After 30 months of struggle, global brokerage firm Morgan Stanley believes that Indian small and mid-cap stocks are ready for outperformance on the back of a growth recovery and attractive valuations.
Small and mid-cap stocks went into a prolonged phase of underperformance after peaking in early January 2018. Between the end of 2017 and March 2020, the broader market indices were down more than 40 percent relative to the BSE Sensex.
"At the end of 2017, SMIDs were trading at 50x trailing earnings, more than twice the multiple for the narrow index (BSE Sensex). The relative PB was 0.9 times the large-cap index and well above its 25-year average of 0.6 times. Thus, the market was expecting the small and mid-cap stocks to beat the benchmark in terms of earnings growth and deliver similar ROE," noted the brokerage report.
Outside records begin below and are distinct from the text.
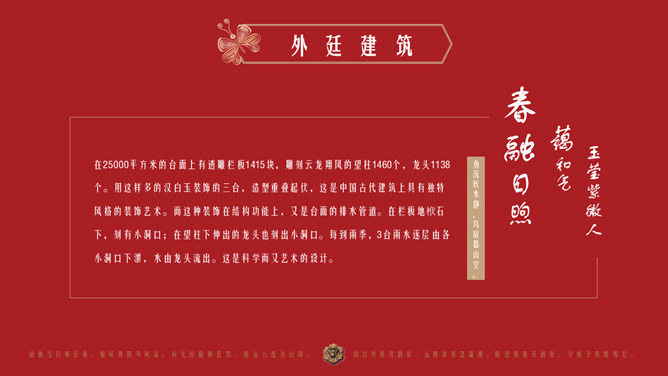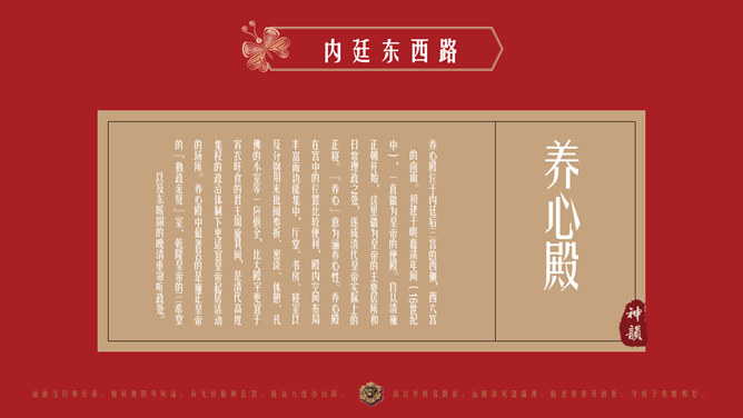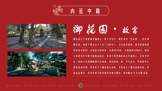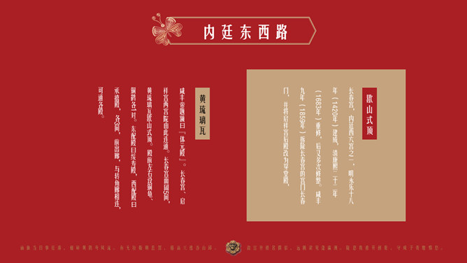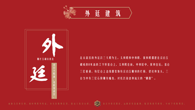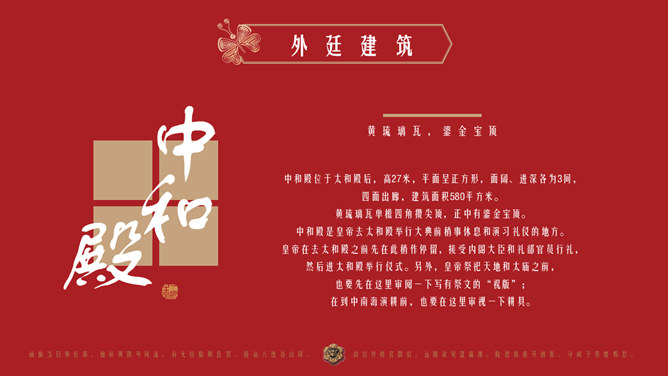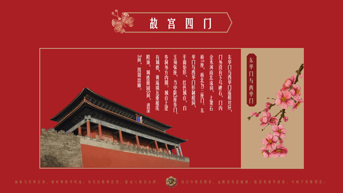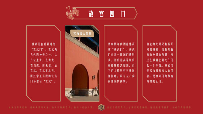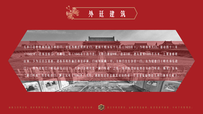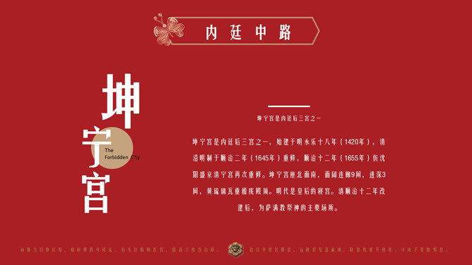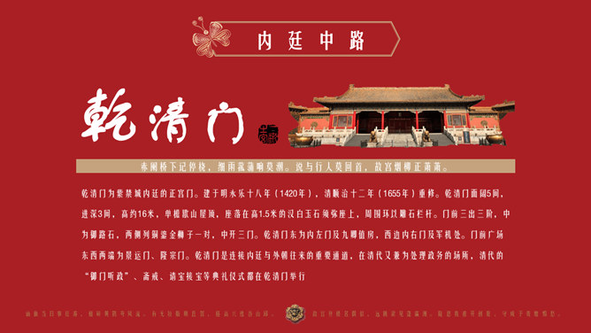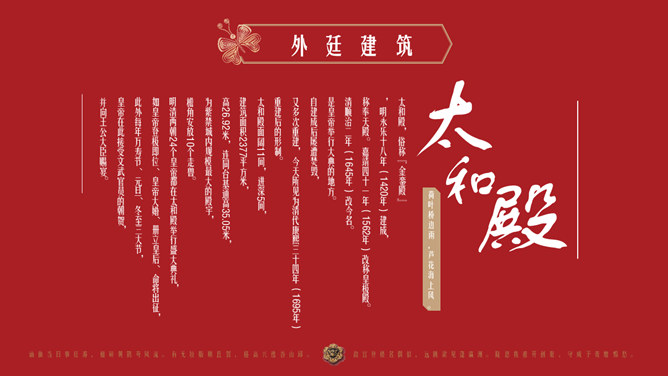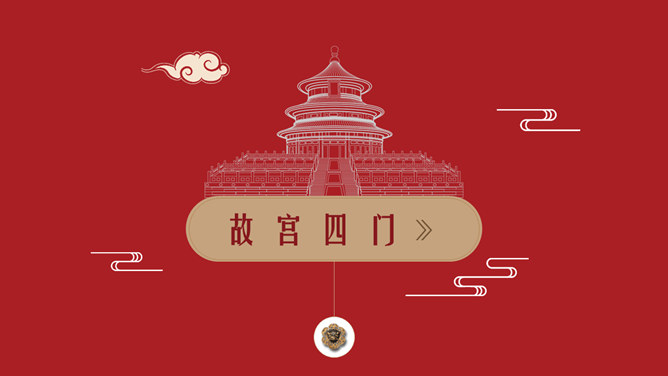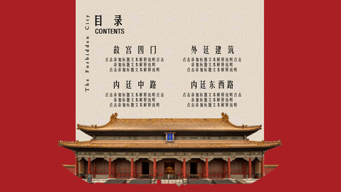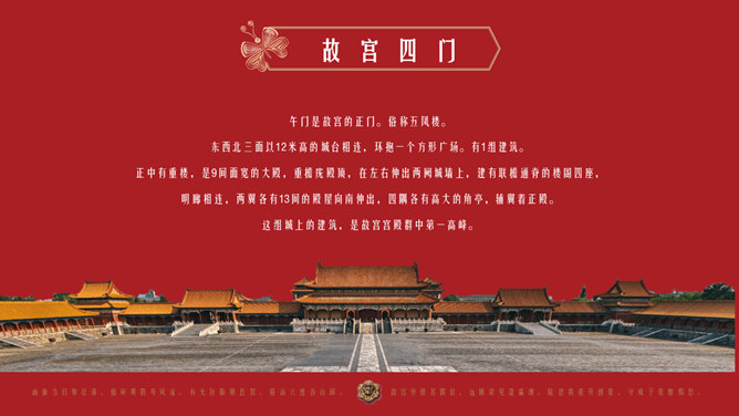 大气故宫介绍简介PPT模板。一套紫禁城故宫简介幻灯片模板,大气朱红色色调,适合故宫建筑布局、历史文化相关内容。
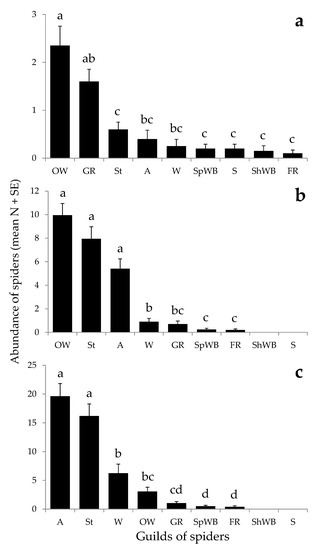 Abundance of guilds of spiders found in the studied olive groves at three sampling periods: (a) appearance of foams (P1), (b) development of nymphs (P2), and (c) emergence of adults of Philaenus spumarius (P3). Different letters above bars indicate statistically significant differences (p < 0.05). A: Ambushers; St: Stalkers; W: Wandering sheet/tangle weavers; OW: Orb-weavers; GR: Ground runners; SpWB: Space web builders; FR: Foliage runners; ShWB: Sheet web builders; S: Specialists. Note that scales differ on y axes.
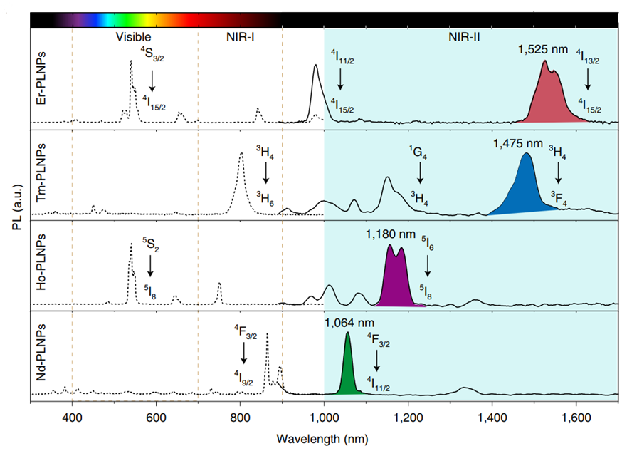 图2 通过掺入不同的稀土元素(Er、Tm、Ho、Nd)调整纳米粒子在NIR-II波长段的发射波长
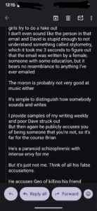 For someone who didn’t watch my live he certainly had a lot to say about it. In fact the phrase “he doeth protest too much” definitely comes to mind.
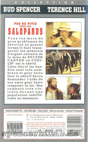 | Auch das Cover dieser Videokassette bringt mal wieder einiges durcheinander, so stammt das große Frontmotiv aus dem Film "Eine Faust geht nach Westen" und zwei der Screenshots auf der Rückseite aus "Sie verkaufen den Tod". Lediglich der mittlere Screenshot dürfte wirklich aus "Die letzte Rechnung zahlst Du selbst" stammen. |
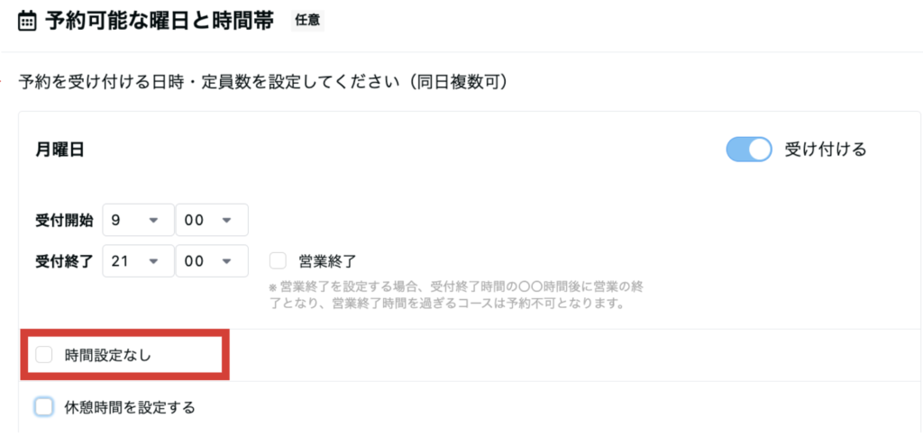新たに予約枠を作成する際に、時間指定なしでの予約受付が可能となりました。
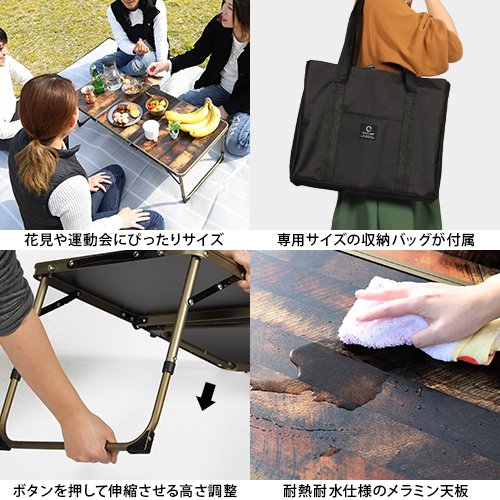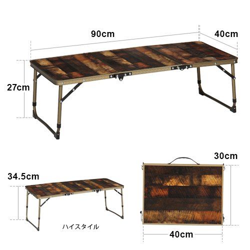 天板は少し古ぼけたようなヴィンテージ風のデザインとなっておりとてもお洒落です。3つに折りたたみできますので、より小さくコンパクトに持ち運びすることが出来ます。高さはありませんが、横幅があるロースタイルテーブルになりますので、3〜4人でバーベキューをする時などにも、コップやお皿などをたくさん置いて使うことが出来ます。またそのままでも高さの低い机にはなりますが、さらに低い高さに調整して使用することも可能です。木製のようなおしゃれなヴィンテージ天板には、メラミン加工が施されているので、熱・汚れにも強いです。
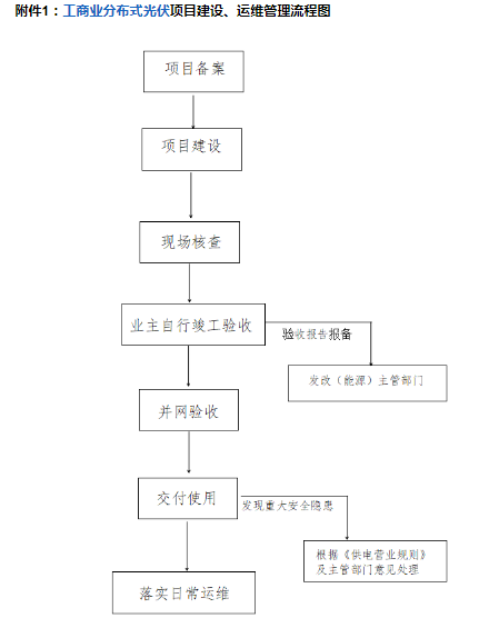 第十九条工商业分布式光伏原则上由项目投资企业自行组织验收,项目总承包单位或安装企业配合,鼓励行业协会提供验收专家支持。验收合格后,报备属地发改(能源)主管部门。属地发改(能源)主管部门也可根据实际工作需求,制定本辖区的验收办法。
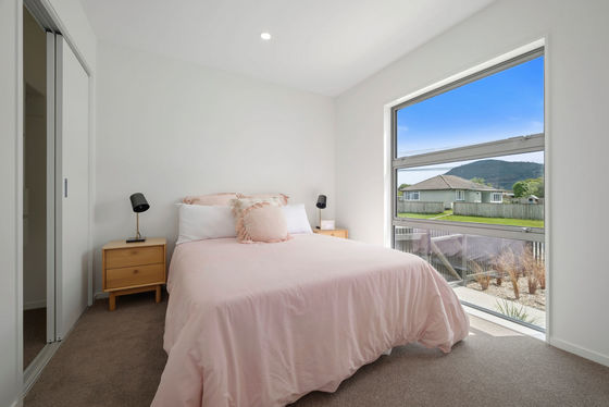 Designed for comfort and ease, the home features three bedrooms and two bathrooms, including a private ensuite off the master. The open-plan kitchen, dining and living area is light-filled and welcoming, with views toward Mount Ngongotaha enjoyed from both the lounge and the sun-soaked deck.

However, that did not happen. Growth slowed down due to a variety of factors including the GST law, the real estate regulation act, the bankruptcy code,and the new inflation framework – all of which may have dragged down growth in the near term, even if they were positive for long-term growth, said Morgan Stanley. It added that demonetization in November 2016 may have been a bigger drag on medium-term growth than was believed at the time.
These policy actions may have been particularly difficult for smaller firms and the onset of COVID-19 in February 2020 and the subsequent lockdown worsened matters for these firms.
But lately, the broader market's relative performance is helping as a forward-looking stock market is possibly anticipating better growth. And with monetary aggregates normalizing and significant policy action underway with a corporate tax cut last September, the brokerage believes growth is set to turn.
"We believe that the reversal in relative SMID performance, which began in April 2020, is likely to continue. Once the impact of COVID-19 ebbs, the cumulative policy response plus monetary system normalization should once again bring back growth, in our view," it said.
It added that smaller firms are likely to benefit more due to their operating and financial leverage. The valuations for mid and small cap stocks are looking attractive relative to GDP and money supply, setting the stage for outperformance versus large cap stocks in the coming months, it explained.
"Valuations of SMID stocks are looking more attractive, setting them up for a re-rating if the growth outlook improves as we think it will. Relative P/B is down to 0.75, though ideally, this would be lower than its long term average. The considerable profit damage inflicted over the past two years has also depressed book values (compared to larger companies) distorting multiples," Morgan Stanley stated.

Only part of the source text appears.